Wo die Argumente fehlen, weil ja der Rassismus der offensichtliche fehlt. Der läuft versteckt, wenn man die Leute darauf anspricht dann wird man als Mimose bezeichnet, als empfindliche Zimperliese, die das jetzt ausnutzt und seine Herkunft immer nur als Ausrede verwendet. wenn man Schwachpunkte hat, also ich hab jetzt Deutsch studiert, man hat mir schon gesagt allein Deutsch zu studieren ist eine Provokation, hat man mir schon mal gesagt. Ich habe es eigentlich nie wirklich als Provokation betrachtet ich habe einfach nur gedacht, ich liebe die deutsche Sprache, also warum sollte ich sie nicht studieren. Ja offensichtlich haben das einige Professoren nicht so gesehen.
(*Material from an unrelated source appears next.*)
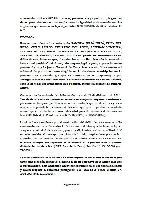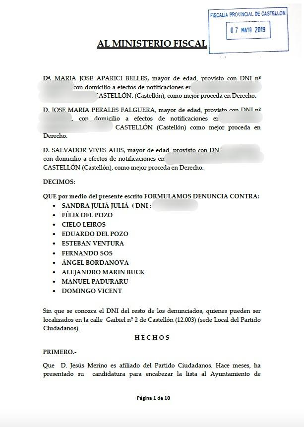 Tal como amenazaron en su momento allegados a Jesús Merino, esta mañana se presentaba la querella, que solicita, entre otras cosas, la impugnación de esa candidatura de Ciudadanos al Ayuntamiento de Castellón. Pero es más, la querella solicita responsabilidades penales contra: Sandra Julià, Félix del Pozo, Cielo Leirós, Eduardo del Pozo, Esteban Ventura, Fernando Sos, Ángel Bordanova, Alejandro Marín Buck, Manuel Paduraru y Domingo vicent.

Haben sehr versucht mir Steine in den Weg zu legen, mich sehr wohl zu treffen mit gewissen Aussagen beziehungsweise sie haben meine Arbeiten dreimal so oft gelesen, sie haben Flüchtigkeitsfehler als schwere Grammatikfehler hingestellt, wenn ich handschriftlich Dinge geschrieben habe die Endungen nicht ausgeschrieben habe. Ich habe die Neigung, immer eine Wellenlinie zu machen für Endungen. Was weiß ich für einen habe ich nur eine Wellenlinie gemacht wurde als Grammatikfehler angesehen. Man hat mir Fehler angedichtet wo keine waren also, definitiv keine waren und dann habe ich Arbeiten von Kollegen angesehen die weder die Groß- noch die Kleinschreibung beherrscht haben, die Wörter auf -ung klein geschrieben haben, bei denen waren es dann Flüchtigkeitsfehler interessanterweise und bei mir waren das schwere Grammatikfehler.“ (Burcin, 26)
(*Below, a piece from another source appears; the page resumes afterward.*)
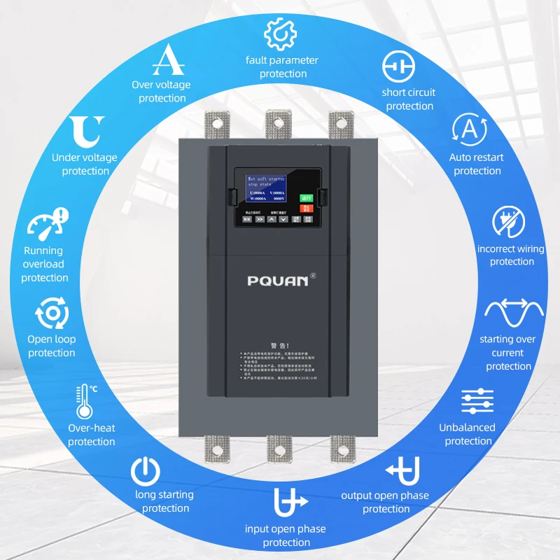 • Versatile Starting Modes: Current limiting start,Voltage ramp start,Kick start + current-limiting start, Kick start + voltage ramp start, Current ramp start, Voltage current-limiting double closed-loop start

Burcin sah sich in an der Pädagogischen Akademie in verschiedensten Bereichen durch das Infragestellen ihrer Kompetenzen diskriminiert und reagierte auf diese Empfindungen mit Rückzug und der Ausbildung einer Misstrauenshaltung ÖsterreicherInnen gegenüber.

Die beiden Fälle, in denen Diskriminierungserfahrungen beschrieben werden können als „Diskriminierung durch Anzweifeln der kognitiven Kompetenzen“ beschrieben werden. Die beiden Interviewpartnerinnen zeigen jedoch ein unterschiedliches Reaktionsmuster auf diese Diskriminierungen. Während Dilara komplett verunsichert wird und sich aus der für sie enorm belastenden Situation durch „Teilverweigerung“

(sprich nicht in den Unterricht zu gehen) rettet ohne wütend zu werden, erzeugen die Diskriminierungserfahrungen bei Burcin sehr wohl Wut und Ablehnung, aber kein Verweigerungsverhalten. Sie nimmt den „Kampf“ auf und schließt die Pädagogische Akademie erfolgreich ab. Trotzdem wird klar, dass sie an den empfundenen Diskriminierungen schwer leidet, was ihre Erzählungen über Details, die auch nach Jahren noch immer präsent sind, belegen.